Define the problem

Brightfield analyses in QuPath

Define the problem - choose a final output measurement first.

For these images I have chosen to be interested in the percentage of heavily eosin stained (will call it fibrotic for this analysis, though I am not a pathologist and am not even sure what tissue type this is) out of the entire tissue slice, and the ratio of cells within the fibrotic and non-fibrotic regions, excluding the heavily hematoxylin stained areas.

The analysis will require several measurements, not all of which will be needed at the end:

  1. Total area of the tissue slice

  2. Area of Background (slide)

  3. Area of heavy hematoxylin staining

  4. Area of fibrosis

  5. Area of other tissue

  6. Cell count in Other tissue

  7. Cell count in fibrotic area

  8. Percentage of elongated tissue in each region with cells

  9. Bonus: Excluded area due to folds or tissue damage?

Rough measurement-based steps could be as follows:

  1. Create a Tissue thresholder to locate the tissue of interest, vs background.

  2. Within the Tissue areas, use a pixel classifier to find fibrotic, “normal,” and hematoxylin heavy areas (*possibly damaged tissue)

  3. Once the Tissue has been subdivided, select the fibrotic and normal tissue regions to run cell detection.

  4. Run a cell classifier within each region. In this case I will choose elongated vs round nuclear shapes.

Regions.PNG
 

With these steps laid out, we should select a test set of images to perform steps like determining thresholds for positivity. I will use Tile 4.ome.tif and Tile 1.ome.tif as I already noticed that tile 4 has a tissue fold on it, which will be useful for the pixel classifier training. Tile 1 will help ensure a minimum size threshold is set so as not to include extra bits of tissue.

It is also important to figure out at this point how detailed of an analysis you want to perform, and what level of error you can accept. In order to make the analysis in this example workable across a variety of computers, I will use moderate resolutions for all of my classifiers. This choice decreases my accuracy, but increases the speed at which the scripts in the demo project will run. If your computer can handle it, I encourage you to go through all of the steps with a higher resolution to try to refine your results.

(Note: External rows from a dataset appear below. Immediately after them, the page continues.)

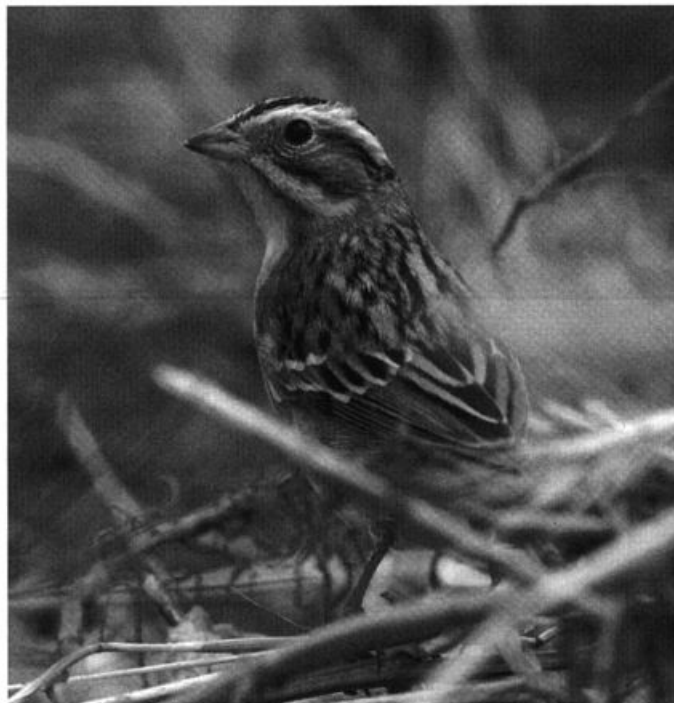
Although Clay-colored Sparrows are rare but regular fall migrants and winter visitors to California, few are found in spring, so this one in the Tijuana River Valley, San Diego County 15 May 2007 was unexpected.

deserts, including Inyo's earliest ever at China Ranch 21 Apr (JEP). The only Chestnut-sided Warblers were at Sage Flat Rd. s. of Olancho, Inyo 1 Jun (C&LL), G.H.P. 3 Jun (TEW, LLA), and Baker, San Bernardino 5 Jun (AEK). Magnolia Warblers were at Montana de Oro 26 May (JSR) and San Clemente I. 30 May (JEB) and inland at Bishop 23 May (J&DP) and
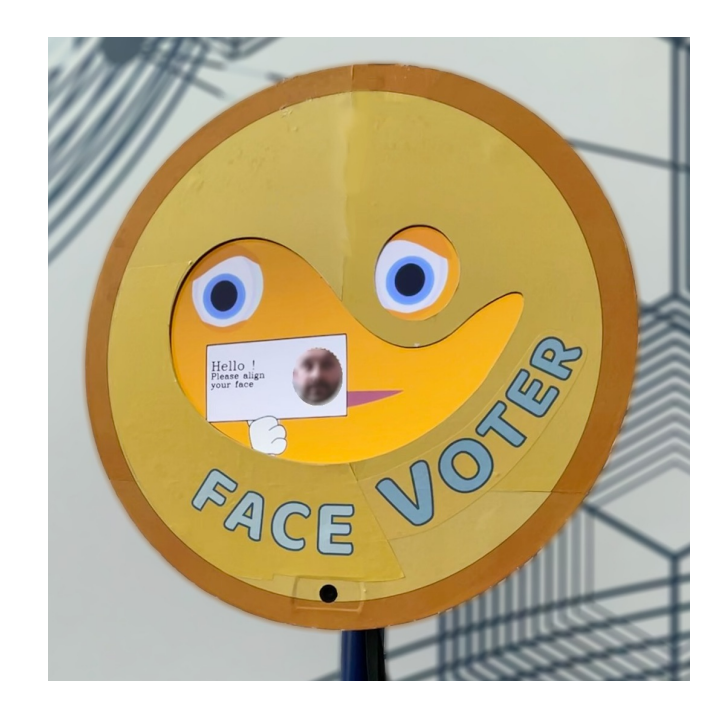
Figure 6: The FaceVoter prototype. Approaching the device, a user's face is detected and the screen prompts them to answer Yes or No to a question by smiling or frowning.

long enough for it to detect their face, but walked away before recognition could take place. Disregarding these instances, the accuracy of the system at detecting smiles or frowns (as determined by observation) was approximately 80%. During the observation sessions, our research team noted that passersby noticed the device (i.e., were visibly seen to look at it for more than just a glance) around 40% of the time and chose to subsequently use it, unprompted, around 5% of the time. Of the 545 total interactions, 187 were after prompts from a researcher.
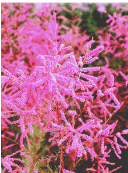
Tamarix 'Pink Cascade'

to mid-August. Cease pruning in mid-august to allow time for the flower buds to form prior to winter. NATIVE: North America. Zone 3, 5-6 feet, Full sun
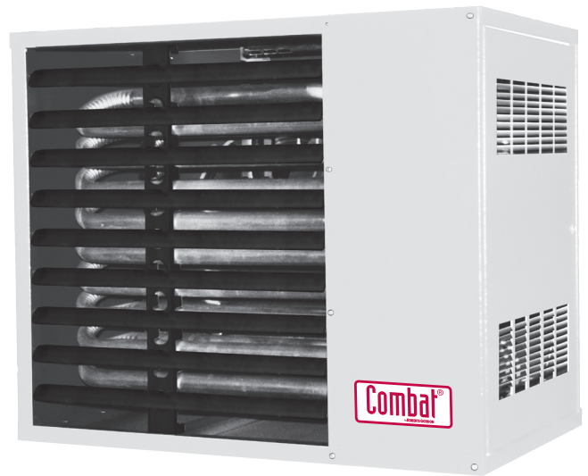
UHA Models 150 - 400 ▶

In the real world, tradeoffs might be slightly different. Turnaround speed might be important in some clinical settings, but the tradeoffs in analysis tend to be things more like losing broad features when zooming in to detect the small features. QuPath only supports up to 8x8 pixel filters based on the Pixel classifier base resolution, meaning you sometimes need to choose between large features and finder details. Alternatively, you might try sequentially higher resolution Pixel classifiers that can be run within lower resolution pixel classifiers, much like we will run a Pixel classifier within a Thresholder.

symbol Rant on image analysis abuse

Please do not run through your whole data set with different settings and algorithms until you find settings that “prove” what you want to find. That is not science, that is the equivalent of p-hacking or other statistical manipulations, and yet many people do not realize it is wrong because “they just want to show the difference they see.” You may be able to come up with very creative and novel correlations via non-hypothesis driven research, but that is not the same as attempting to prove anything.

Both the human mind and machine learning tools are very good at finding patterns, even if none of them are biologically relevant. That is why you need to determine your hypothesis and methods prior to testing on your data, not adjust your settings continuously until you get the answer you wanted. Many failed drugs and unreproducible studies are probably the result of just such a lack of experimental design.
The reasoning is the same as for using Validation sets when training Deep Learning models. DL models can easily overfit the data, and appear to give very good results on certain data sets - but then they do not do well on other data sets or “in the wild” because they did not actually learn what the designer thought that they learned. The fact that a particular model is coming to the answer that you want does not mean that it is doing so correctly! Billions of dollars have probably been wasted on poorly designed experiments, so please be careful!
https://en.wikipedia.org/wiki/Overfitting
As the image analyst, you can just as easily overfit your project with thresholds, sigmas, and carefully picked measurement choices as any deep learning model can overfit its training data.
If you have discovered your hypothesis by iterating through image analysis methods, that is just fine! But you have not proven anything until you test that method or hypothesis on new data, that was not part of the way the method or hypothesis was determined.